MATERIALS PROVIDED:
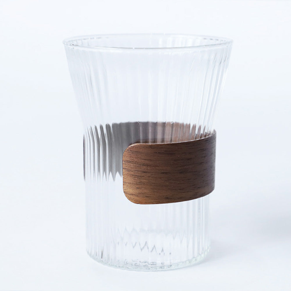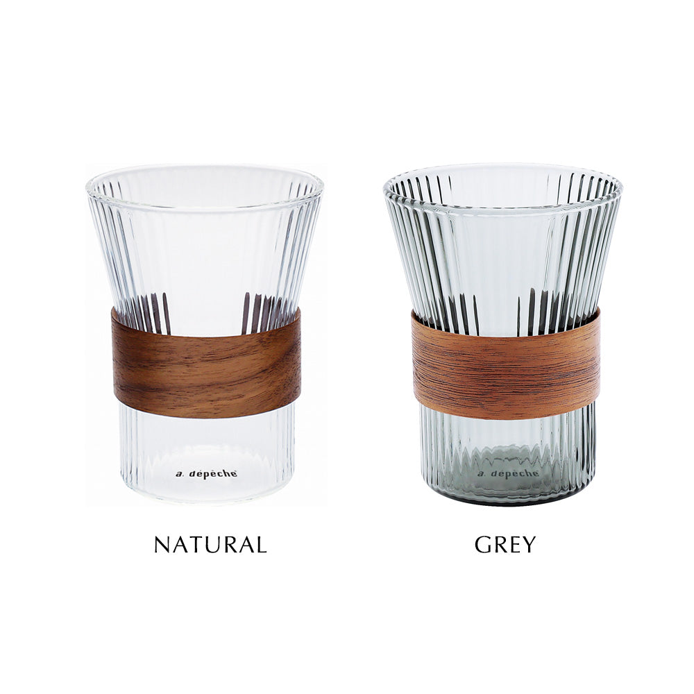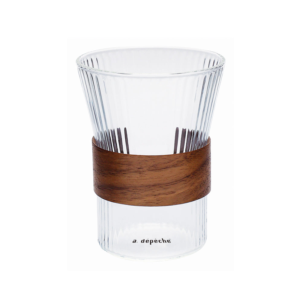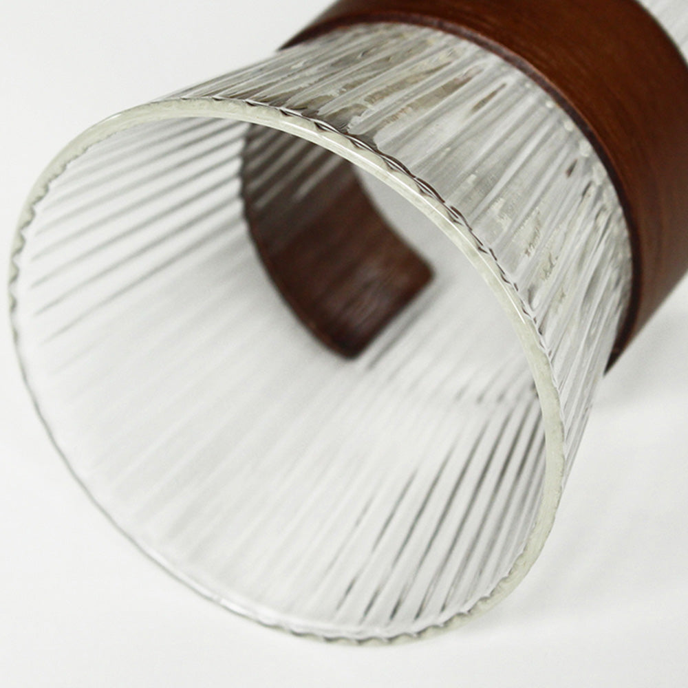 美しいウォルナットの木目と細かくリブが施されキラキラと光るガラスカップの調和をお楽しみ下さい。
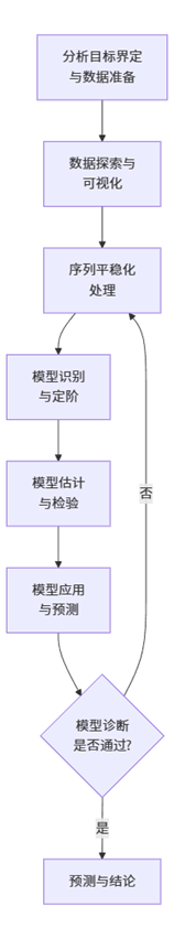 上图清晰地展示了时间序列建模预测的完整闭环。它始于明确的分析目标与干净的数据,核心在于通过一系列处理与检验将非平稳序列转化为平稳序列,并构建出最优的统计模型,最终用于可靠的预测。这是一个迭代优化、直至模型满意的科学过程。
==
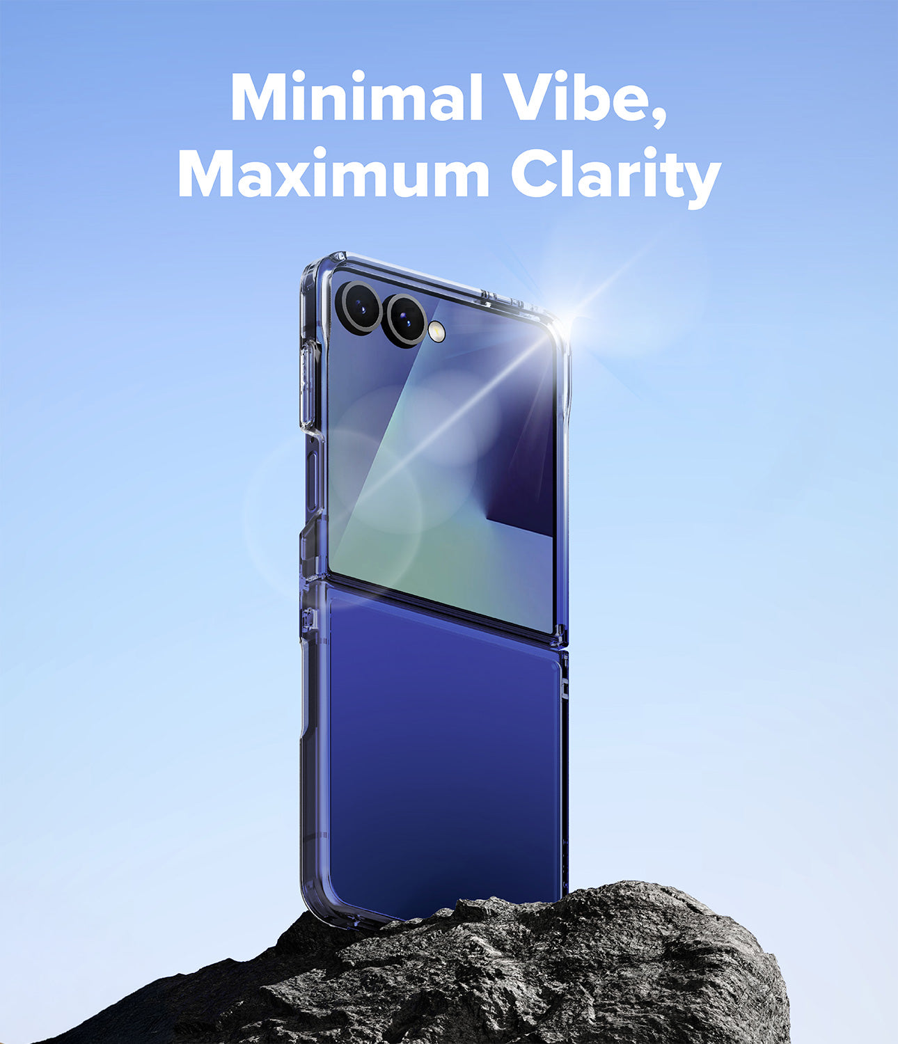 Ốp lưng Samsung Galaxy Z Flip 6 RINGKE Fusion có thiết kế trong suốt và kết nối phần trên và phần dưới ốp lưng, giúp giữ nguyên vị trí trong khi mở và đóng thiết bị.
* * *
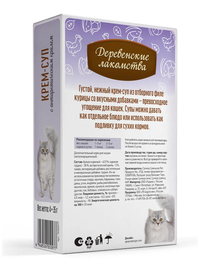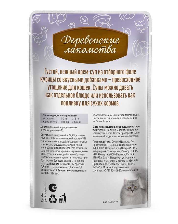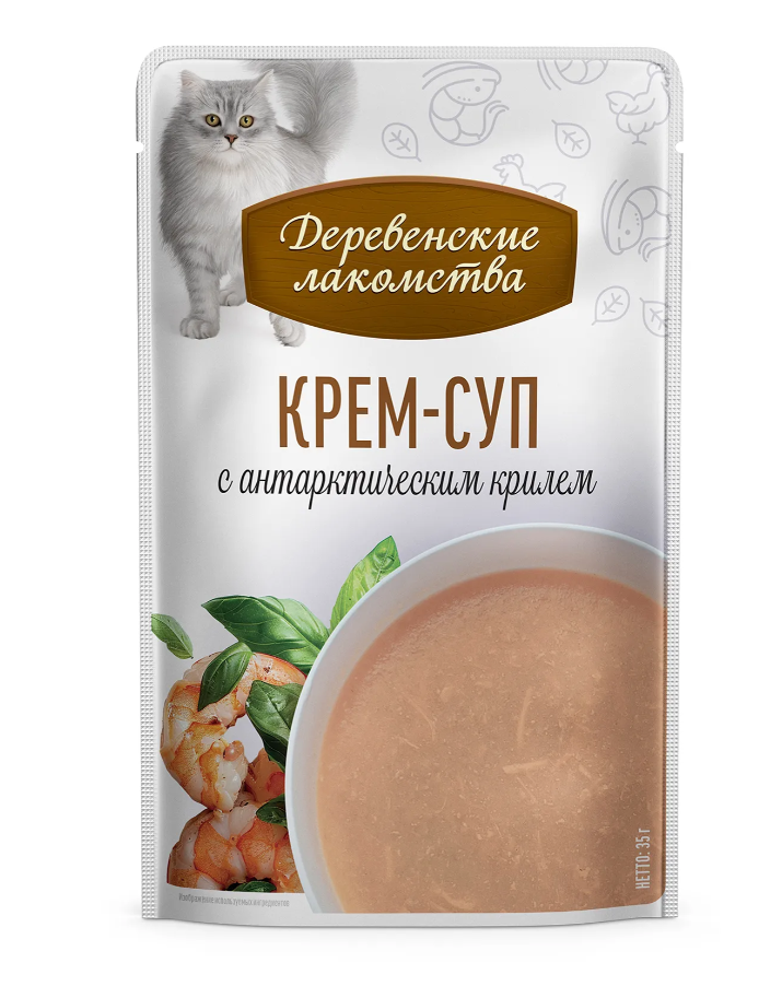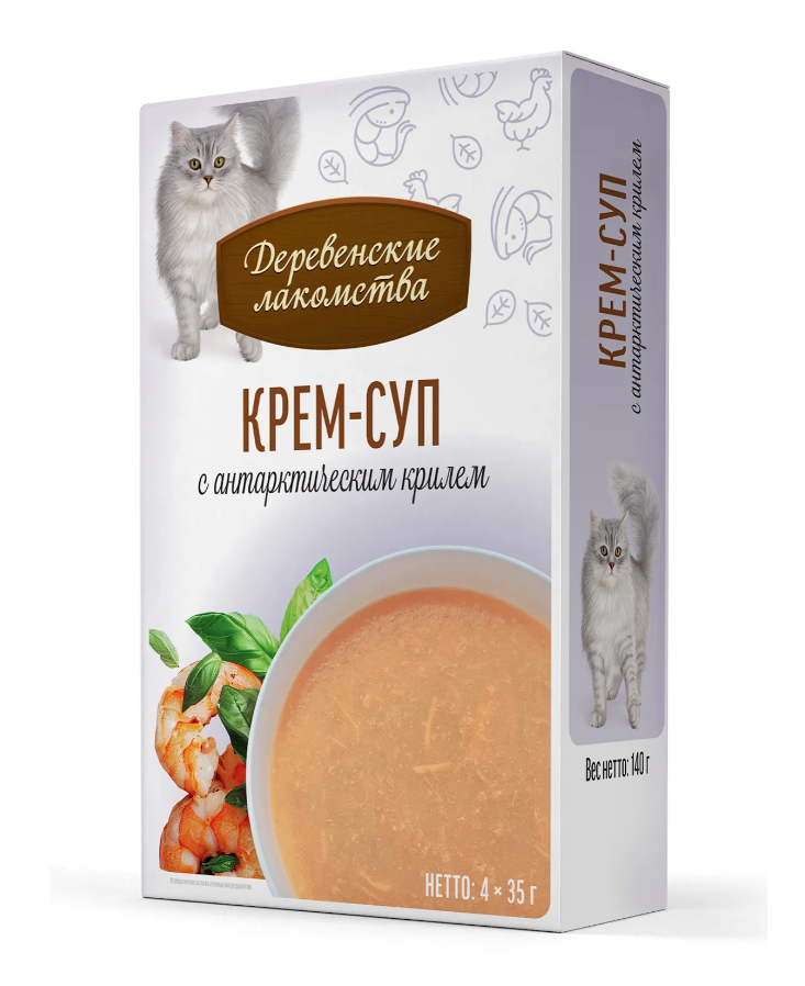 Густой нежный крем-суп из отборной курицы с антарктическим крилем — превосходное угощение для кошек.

REQUIRED WORK:
Set the pictures aside and retype exactly the lines above from the line with "美しいウォルナットの木目と細" to the line with "上图清晰地展示了时间序列建模", both included, adding no others.

TASK RESULT:
 美しいウォルナットの木目と細かくリブが施されキラキラと光るガラスカップの調和をお楽しみ下さい。
 上图清晰地展示了时间序列建模预测的完整闭环。它始于明确的分析目标与干净的数据,核心在于通过一系列处理与检验将非平稳序列转化为平稳序列,并构建出最优的统计模型,最终用于可靠的预测。这是一个迭代优化、直至模型满意的科学过程。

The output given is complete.